Upping the ante a little was Navigenics (“My genes. My health. My life”). For $2,500 they would scan more than a million of my SNPs (pronounced “snips”) and supply me with genetic counseling to help me interpret the results. For a $250 subscription, I could get annual updates that would keep me current with the flood of new discoveries.
But these companies were selling genotyping, not full sequencing. They could identify some alleles—variations of particular genes—and tell me a little bit about the risks, predispositions, and susceptibilities I had inherited. They would look at something on the order of .02 percent of my 6 billion data points, with less than perfect accuracy. They were at best marketing a thumbnail synopsis, or better, an index of a book no one really knows how to read. I was after the unabridged version itself.

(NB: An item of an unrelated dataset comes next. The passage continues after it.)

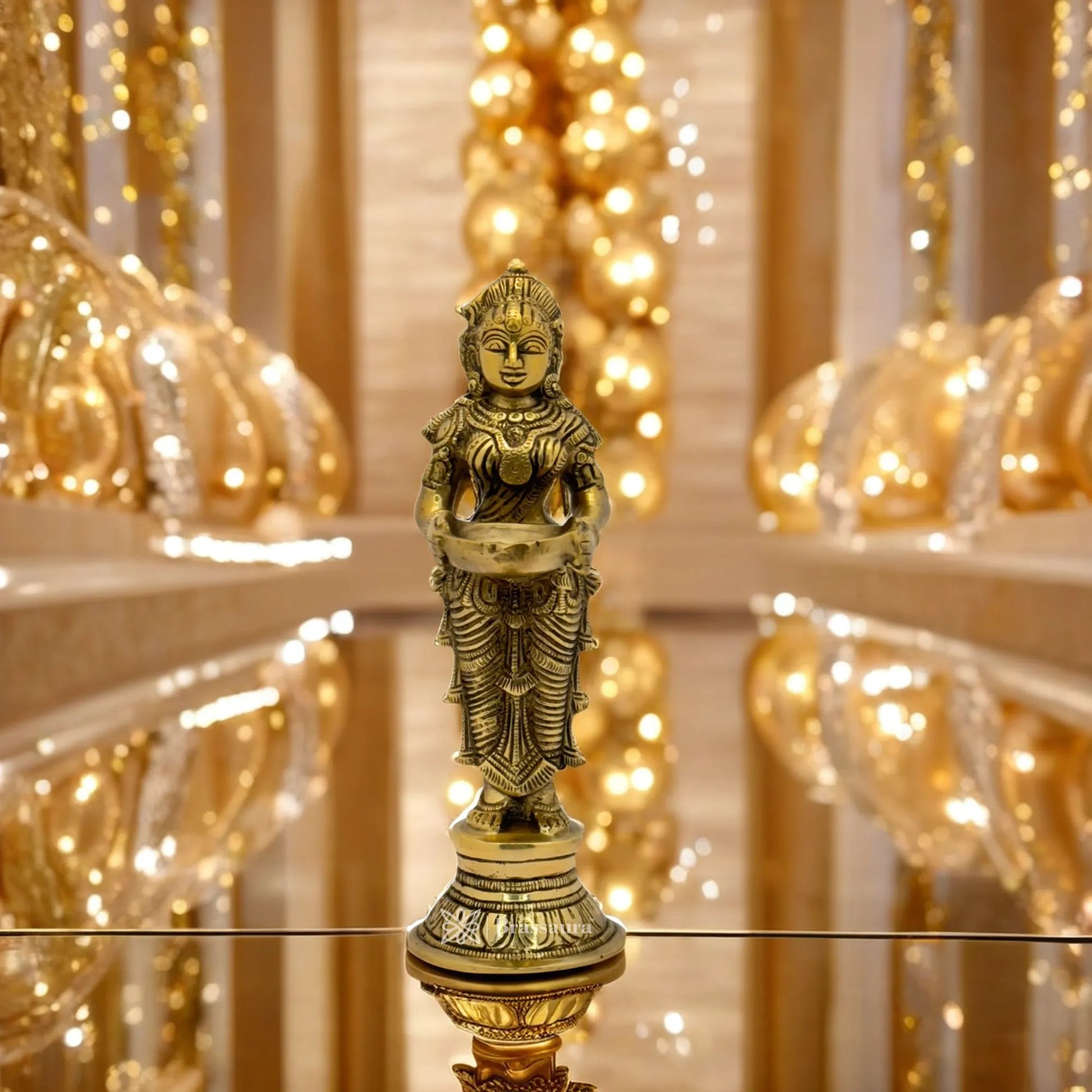 This beautifully crafted Brass Deep Lakshmi Idol brings together the spiritual power of Goddess Lakshmi and the illuminating glow of a deepak. With intricate detailing and a serene expression, this idol is perfect for pooja rooms, festive altars, or as a meaningful gift.

How big a number is 6 billion? The diploid genome has nearly as many independent data points as there are individual humans. If a standard 250-page book comprises about 500,000 letters, you would need 12,000 such books to publish an individual genome. Laid out in a line the diameter of a penny, the base pairs of the genome would circle the earth about three times. If the genome were a tune played at a nice bright allegro tempo of 120 beats per minute, it would take just short of a century to play.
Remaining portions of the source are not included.